Когда я предложила крестьянам устроить школу, они хором отказались, говоря, что им ее не надо. Несмотря на их отказ, я превратила кабак в хорошенькое одноклассное народное училище, и в первое время пришлось почти силой тащить туда ребят. Но мало-помалу, разными хитростями и конфетами, детей приучили к школе. Школа принялась, пустила корни, и в скором времени я услышала от родителей искреннее спасибо, которое было мне лучшей наградой.

Жизнь моя приняла такой неожиданный оборот, во мне сразу проснулась с такой неудержимой силой энергия и инициатива, что все задуманное вчера, на следующий день уже приводилось в исполнение. Я не чувствовала себя и ничего не видела кругом, кроме дела и людей, исполнителей моих планов. Деятельность моя била бурным ключом. Одним из этих исполнителей, незаменимым по быстроте и сметливости, был заводской подрядчик М.И.Кучкин. Однажды по приезде в Хотылево я заметила ему, что в мое отсутствие он поставил людскую баню слишком близко к саду и далеко от берега, что затрудняло удобное снабжение водой из реки. Выйдя на другое утро в сад, я ахнула от удивления: баня, совершенно готовая, переехала с одной усадьбы на другую, пока все в доме спали – ни шума, ни крика мы не слыхали. Это положительно был фокус, на который только он один был способен. Я много имела с ним дела, и все, что было предпринято мною на заводе, он исполнял удивительно быстро, схватывая на лету, с полуслова, мою мысль.

Четыре года кипучей деятельности, полные осмысленного труда на заводе, пролетели, как сон. Мне даже всегда было очень жаль уезжать на зиму в Петербург, отрываясь от дела. Не только я уже не боялась завода и его обитателей, но он стал дорог мне, как место моего крещения, как поле брани, где я отличилась и мне удалось стяжать славу, развернуться, выполнить все заветные мечты. А главное, что удовлетворяло мое самолюбие, – это сознание, что, придя туда последнею, после двадцатилетнего существования завода, мне удалось создать то, что давно уже должно было быть сделано. Гордость брала меня от сознания, что судьба отметила меня именно для этого. Я относилась к своему назначению с каким-то набожным чувством избранницы, до глубины души благодарная судьбе за выпавшее на мою долю счастье.

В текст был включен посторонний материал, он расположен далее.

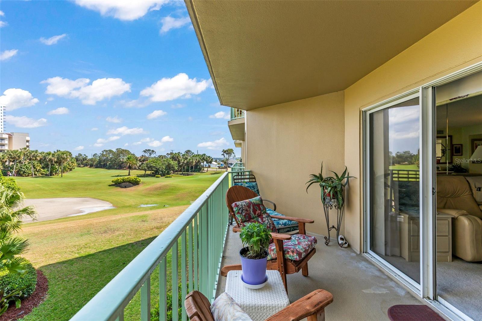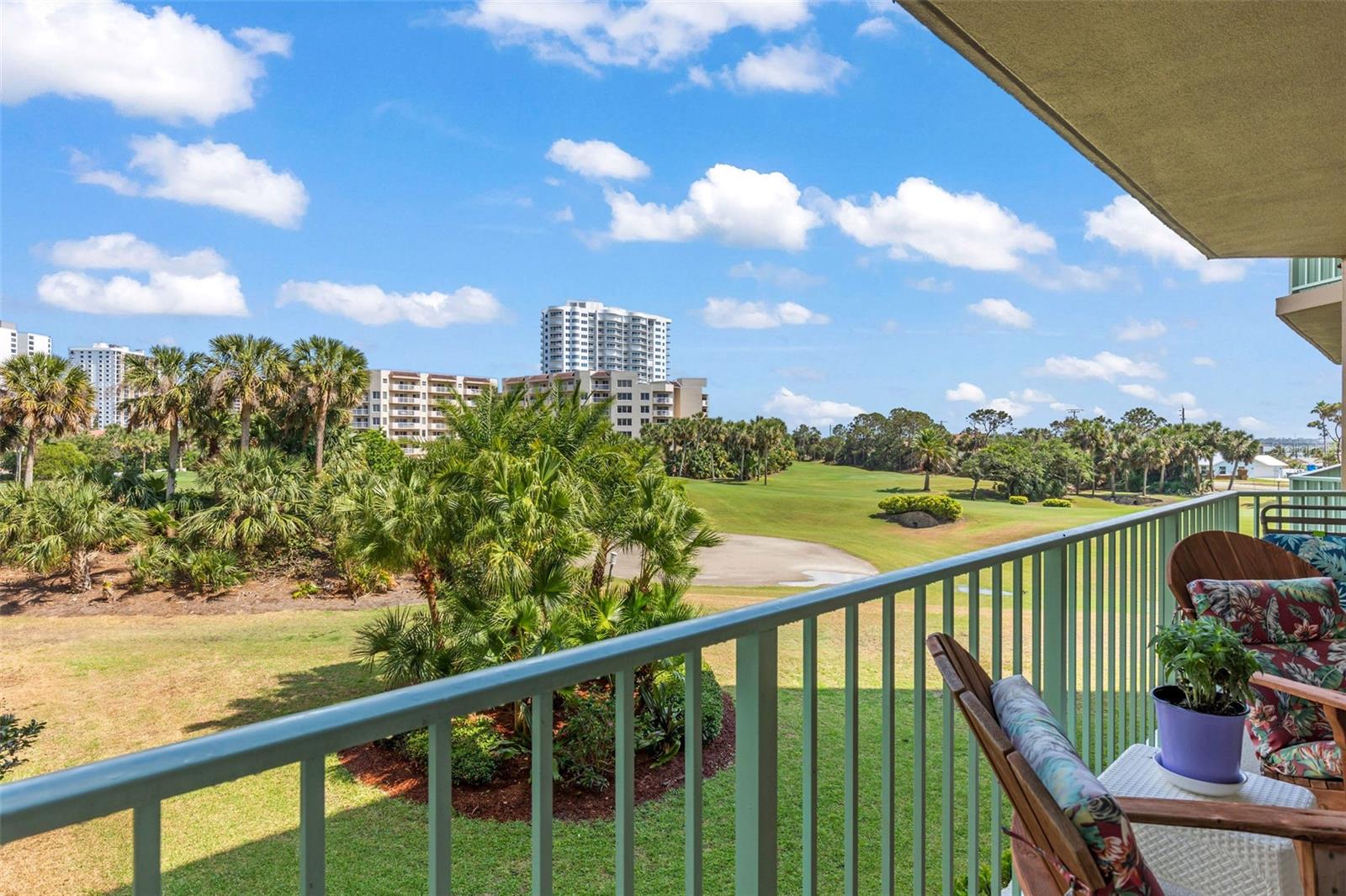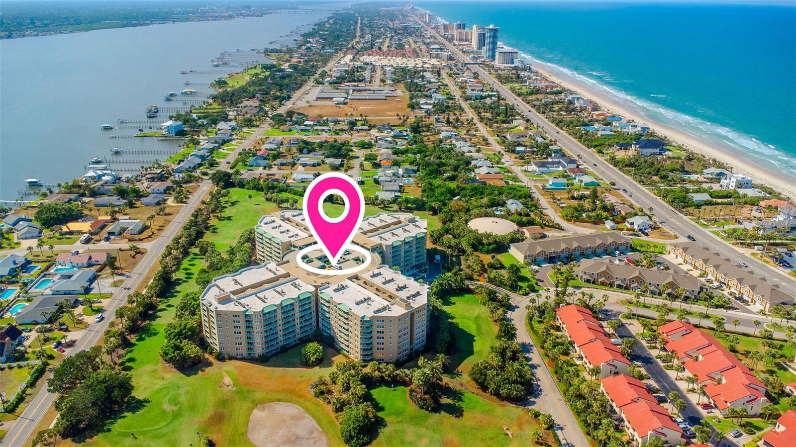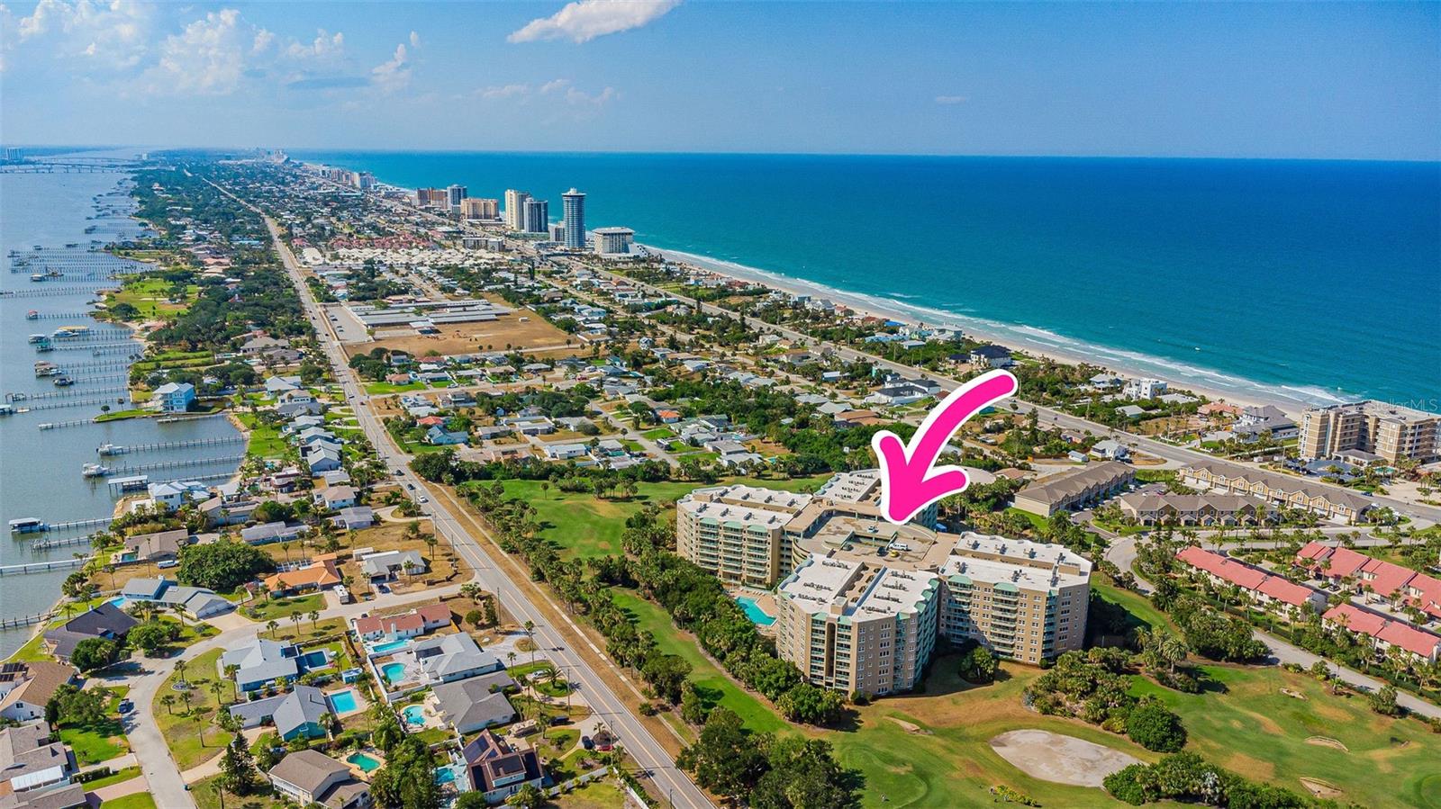 Welcome to your serene getaway in Daytona Beach Shores! This charming 2-bedroom, 2-bath condo offers a perfect blend of comfort and coastal living tucked in the corner of the building. As you step inside, you are greeted by an open-concept living space filled with natural light, thanks to large sliding glass doors that showcase glimpses of the tranquil river views and of the golf course. The spacious living room invites relaxation with its cozy furnishings making it an ideal spot for unwinding after a day at the beach. The adjacent dining area seamlessly connects to the fully equipped kitchen, featuring ample counter space, and a breakfast bar for casual meals. Also, you have a 11 x 09 den or office area great for guest or an additional office area and inside laundry. Retreat to the master bedroom, which boasts an en-suite bath for added privacy and convenience and double sinks, walk in shower and a full size tub! Plenty of room in your walk in closet for all your shoes and all your clothing! The second bedroom is equally inviting, perfect for guests or family, and is conveniently located near the second bath. Step out onto the private balcony to enjoy your morning coffee or watch the sunset over the river, creating a peaceful ambiance that defines this coastal retreat. Additional amenities include access to community features such as the indoor pool and the outdoor pool, hot tub, sauna, fitness center, mail room, library and more! This unit has one assigned parking spot and a guest parking spot right next to it. Also, this unit has 2 storage areas for all your beach accessories. Located just a short distance from the beach, this condo is the perfect place to experience the best of Daytona Beach Shores, with its beautiful coastline, vibrant local culture, and recreational activities. Don't miss your chance to own this slice of paradise! All information deemed accurate but cannot be guaranteed.

Взглянув на заводских деятелей с другой точки зрения, точно просветленная какой-то мудростью, скользя по их недостаткам, я научилась пользоваться положительными сторонами этих людей и, всматриваясь в каждого из них, сообразно с этим руководилась в делах. Я, наконец, научилась с ними говорить.

Меня очень поражало то, что люди, живущие одними интересами, служа одному делу, в общем, могут быть так далеки друг от друга. Общественной жизни на заводе не существовало, и только мужчины где-то собирались небольшими кучками, чтобы пить и проигрывать нажитое. Женщины там просто скучали: пожилые сиднем сидели дома и жирели, а молодые развлекались как могли, выкидывая всевозможные скандальчики на романической почве, питая умы остальных небывалыми сплетнями. Мне захотелось сплотить это общество, упорядочить отношения, внести в него оживление.

Раз я спросила жену доктора Ижевского, хотела ли бы она потанцевать. Зардевшись, она призналась мне, что умирает здесь от скуки. Это была молодая, недурненькая женщина, а таких на заводе было много.

Я надумала устроить для служащих клуб, и эта мысль была принята с восторгом всем заводским обществом. Таким образом, жены, страдающие постоянно от отсутствия мужей, могли бы быть с ними по вечерам под одной крышей, уравновешивая их невоздержанность к питью и игре. Барышни-невесты могли знакомиться и встречаться с молодыми людьми на нейтральной почве, а мужьям предоставлялось радоваться, что жены их заняты танцами или картами, а не чем-либо иным.

Опять возник вопрос, где найти помещение. Предшественник И. покинул завод после крупной неприятности, и его поместительный дом, выстроенный с большим вкусом, чем наш, с большим садом, оставался после него незанятым и долго пустовал. Я уговорила мужа уступить мне этот дом для устройства в нем общественного собрания.

Закупив в Петербурге обстановку, посуду и все необходимое, князь выхлопотал утверждение устава. Были назначены выборы старшин, после чего состоялось и открытие.

Утром в этот день было отслужено молебствие, а в девять вечера состоялся бал. К означенному часу все бежецкое общество было налицо. На подъезде клуба меня с мужем встретили старшины и председатель И. с букетом. Он собрался что-то сказать мне, но вдруг запнулся, задумался, склонил голову на одно плечо и, комично махнув левой рукой в пространство, решился наконец сунуть мне букет.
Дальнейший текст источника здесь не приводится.